UI conventions let you add icons to the title bar of your windows. The Window in Telerik UI for Blazor will let you add any combination of the default icons (minimize, restore, and close) and also let you add your own icons. You can even bend the default icons to your own ends.

In an earlier post, I showed how a TreeView can provide a UI that allows the user to find their way to the information they want. Once the user found their info, I used a set of Telerik Windows to display the requested information. The content of a Telerik Window can, of course, consist of any combination of buttons and form controls that trigger events. However, as I’ll show in this post, you can use the window itself to deliver functionality to the user. The only limitations here are the ones you apply to yourself: the UI conventions you want to support.

Built-in Actions

By default, a Telerik Window doesn’t display any of the three default icons. It’s easy to add them, though: All you need is the WindowActions element enclosing three WindowAction elements, each with their Name attribute set to one of the default icons:

<TelerikWindow>
    <WindowActions>               
        <WindowAction Name="minimize" />
        <WindowAction Name="restore" />
        <WindowAction Name="close" />
    </WindowActions>

These icons will, without any additional work, do the right thing when the user clicks on them.
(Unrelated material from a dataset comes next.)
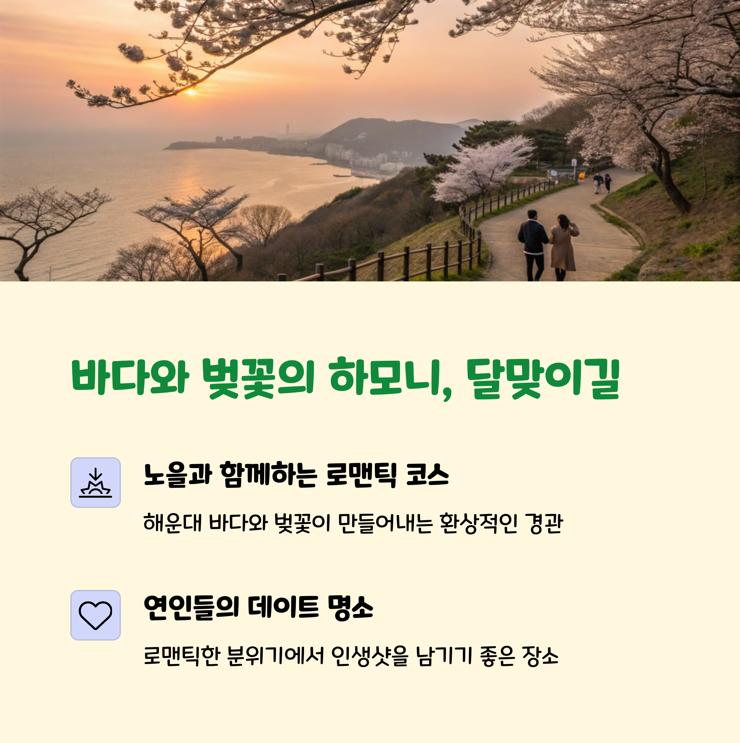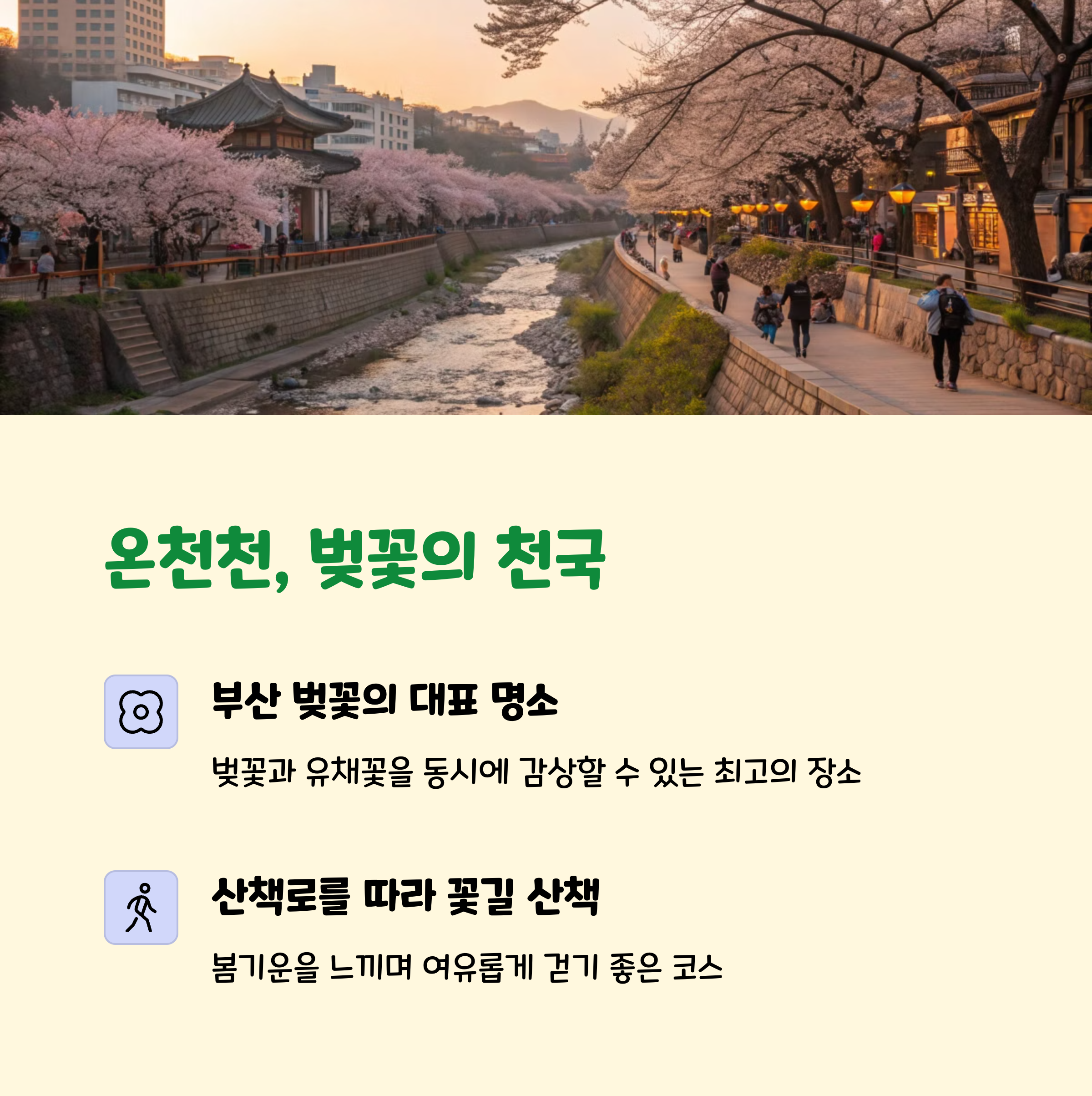 | 부산 벚꽃 명소 | 온천천, 맥도생태공원, 해운대 달맞이길 |

But, for example, if you’re going to allow the user to make changes to the data and save it then, when the user closes the window, you should ask the user if they want to save their changes. In a perfect world, you’d need to know two things: Has the user made a change to the form, and is the data free from errors. You can handle both of those things by using Blazor’s EditForm component. I’m going to assume that you’ve done all that and are down to give the user a chance to save their information when they click the window’s close button.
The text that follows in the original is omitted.